Effects of pre-analytical conditions on RNA yield, integrity, and purity

PBMCs from 11 volunteers were subjected to 10 pre-analytical conditions: Ctrl1, Ctrl2, Without stab, Later, Protect, Lock, Shield, Stab, SDS, and 1-Thio. The purity, yield, and integrity of extracted RNA for each of the 10 conditions are shown in Table 2.

The RNA yield of the Ctrl2 condition was equivalent to that of the Ctrl1 condition, confirming that our experimental results were consistent between replicates. Moreover, the RNA yield of the Without stab condition was equivalent to that of the Ctrl1 condition. This result implied that pre-analytical freezing did not lower RNA yield. Similarly, the RNA yield of the Protect, Stab, and 1-Thio conditions were not significantly different from that of the Ctrl1 condition. In contrast, the RNA yield of the Lock, SDS, Later, and Shield conditions was significantly lower than that of the Ctrl1 condition (Table 2). These data indicated that there was insufficient RNA yield for biobanking purposes under these conditions.
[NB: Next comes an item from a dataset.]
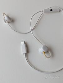 Gli auricolari sono originali Google, con connessione USB-C, microfono integrato e comando sul cavo. Audio pulito e perfettamente funzionanti.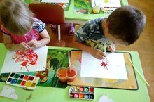 На занятии по художественно - эстетическому развитию дети старшей группы рисовали нетрадиционным способом в технике кляксография.

The RNA integrity (RIN value) of the Ctrl2 condition was equivalent to that of the Ctrl1 condition. The RNA integrity of the Without stab condition was significantly lower than that of the Ctrl1 condition (Table 2). This result suggested that pre-analytical freezing significantly lowered RNA integrity, implying that addition of stabilizing reagents was essential for prevention of reduced RNA integrity. Under the Lock and Stab conditions, RNA integrity was equivalent to that of the Ctrl1 condition. The RNA integrity of the 1-Thio sample was higher than that of the Ctrl1 condition, while the RNA integrity under the Protect and SDS conditions was significantly lower than that of the Ctrl1 condition. For the Later and Shield conditions, RNA integrity could not be measured, possibly due to low RNA yield and concentration. These results implied that RNA degradation during pre-analytical operations was effectively prevented under the Lock, Stab, and 1-Thio conditions.
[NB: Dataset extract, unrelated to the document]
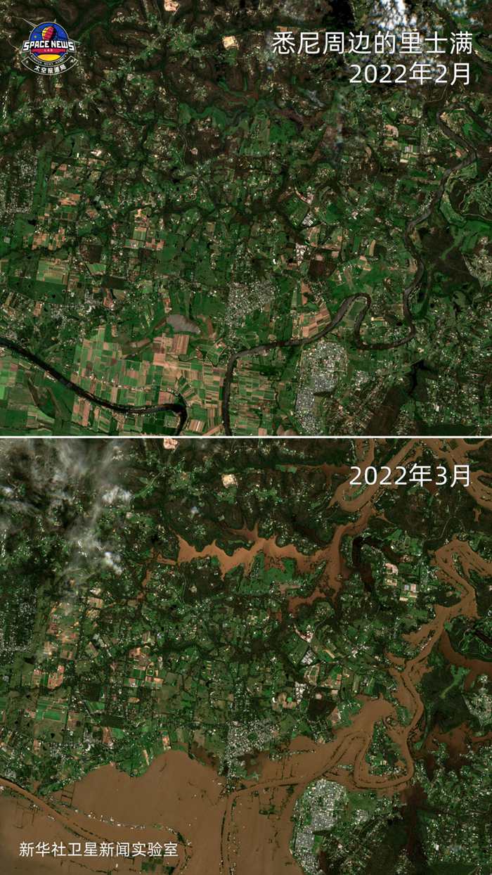 悉尼周边的里士满,受暴雨侵袭,卫星图上,原先的河道难以辨认。

The RNA purity (i.e., A260/A280) under the Ctrl2 condition was equivalent to that of the Ctrl1 condition. Similarly, under the Without stab and SDS conditions, the difference in RNA purity compared to the Ctrl1 condition was not significant. The RNA purities under the Later, Protect, and Shield conditions were significantly lower than that of the Ctrl1 condition. Conversely, the RNA purities of the Lock, Stab, and 1-Thio conditions were improved compared to that of the Ctrl1 condition. These results indicated that stabilizing reagents could significantly affect the purity of RNA.

From these results, we excluded the Later and Shield conditions from candidate reagents for preventing RNA degradation because of their insufficient RNA yield. The other six conditions (Without stab, Protect, Lock, Stab, SDS, and 1-Thio) as well as the two control conditions (Ctrl1 and Ctrl2) were examined in subsequent quantitative expression analyses.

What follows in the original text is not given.